Content streams

In PDF, drawing operations are all performed in content streams that describe the positioning and drawing order of all graphics (including text, images and vector drawing).

Content stream parsers

pikepdf.parse_content_stream(page_or_stream, operators='')

Parse a PDF content stream into a sequence of instructions.

A PDF content stream is list of instructions that describe where to render the text and graphics in a PDF. This is the starting point for analyzing PDFs.

If the input is a page and page.Contents is an array, then the content stream is automatically treated as one coalesced stream.

Each instruction contains at least one operator and zero or more operands.

This function does not have anything to do with opening a PDF file itself or processing data from a whole PDF. It is for processing a specific object inside a PDF that is already opened.

Parameters:

page_or_stream (pikepdf._core.Object | pikepdf._core.Page) – A page object, or the content stream attached to another object such as a Form XObject.
operators (str) – A space-separated string of operators to whitelist. For example ‘q Q cm Do’ will return only operators that pertain to drawing images. Use ‘BI ID EI’ for inline images. All other operators and associated tokens are ignored.
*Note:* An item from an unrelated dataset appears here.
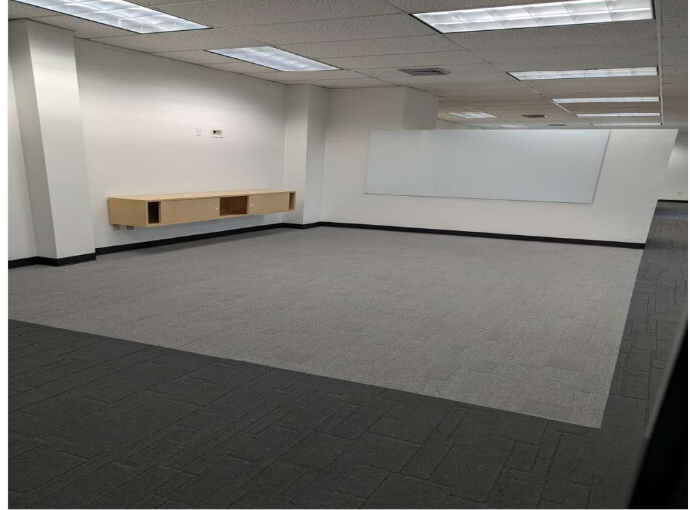
Open Work Space

If blank, all tokens are accepted.

Return type:

list[ContentStreamInstructions]

Example

>>> with pikepdf.Pdf.open("../tests/resources/pal-1bit-trivial.pdf") as pdf:
...     page = pdf.pages[0]
...     for operands, command in pikepdf.parse_content_stream(page):
...         print(command)
q
cm
Do
Q

Changed in version 3.0: Returns a list of ContentStreamInstructions instead of a list of (operand, operator) tuples. The returned items are duck-type compatible with the previous returned items.
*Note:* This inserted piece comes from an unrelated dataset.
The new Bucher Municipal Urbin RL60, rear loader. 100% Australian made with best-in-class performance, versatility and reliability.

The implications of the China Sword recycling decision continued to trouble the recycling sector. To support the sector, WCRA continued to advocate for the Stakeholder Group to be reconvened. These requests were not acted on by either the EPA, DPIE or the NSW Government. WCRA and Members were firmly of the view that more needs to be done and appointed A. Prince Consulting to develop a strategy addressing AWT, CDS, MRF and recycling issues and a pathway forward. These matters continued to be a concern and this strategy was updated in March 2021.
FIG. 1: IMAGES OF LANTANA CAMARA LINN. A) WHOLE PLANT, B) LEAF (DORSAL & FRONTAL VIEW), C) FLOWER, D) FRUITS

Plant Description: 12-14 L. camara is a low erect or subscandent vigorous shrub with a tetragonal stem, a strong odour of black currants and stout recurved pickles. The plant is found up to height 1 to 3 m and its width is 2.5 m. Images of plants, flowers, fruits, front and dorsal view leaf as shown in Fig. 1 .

pikepdf.unparse_content_stream(instructions)

Convert collection of instructions to bytes suitable for storing in PDF.

Given a parsed list of instructions/operand-operators, convert to bytes suitable for embedding in a PDF. In PDF the operator always follows the operands.

Parameters:: instructions (collections.abc.Collection[UnparseableContentStreamInstructions]) – collection of instructions such as is returned by parse_content_stream()
Returns:: A binary content stream, suitable for attaching to a Pdf. To attach to a Pdf, use Pdf.make_stream()`().
Return type:: bytes

Changed in version 3.0: Now accept collections that contain any mixture of ContentStreamInstruction, ContentStreamInlineImage, and the older operand-operator tuples from pikepdf 2.x.
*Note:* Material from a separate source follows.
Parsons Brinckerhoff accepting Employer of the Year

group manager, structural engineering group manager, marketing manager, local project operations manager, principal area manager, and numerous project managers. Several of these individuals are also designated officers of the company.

class pikepdf.models.ctm.MatrixStack(initial_matrix=None)

Tracks the CTM (current transformation matrix) in a PDF content stream.

The CTM starts as the initial matrix and can be changed via the ‘cm’ (concatenate matrix) operator –> CTM = CTM x CM (with CTM and CM being 3x3 matrixes). Initial matrix is the identity matrix unless overridden.

Furthermore can the CTM be stored to the stack via the ‘q’ operator. This save the CTM and subsequent ‘cm’ operators change a copy of that CTM –> ‘q 1 0 0 1 0 0 cm’ –> Copy CTM onto the stack and change the copy via ‘cm’

With the ‘Q’ operator the current CTM is replaced with the previous one from the stack.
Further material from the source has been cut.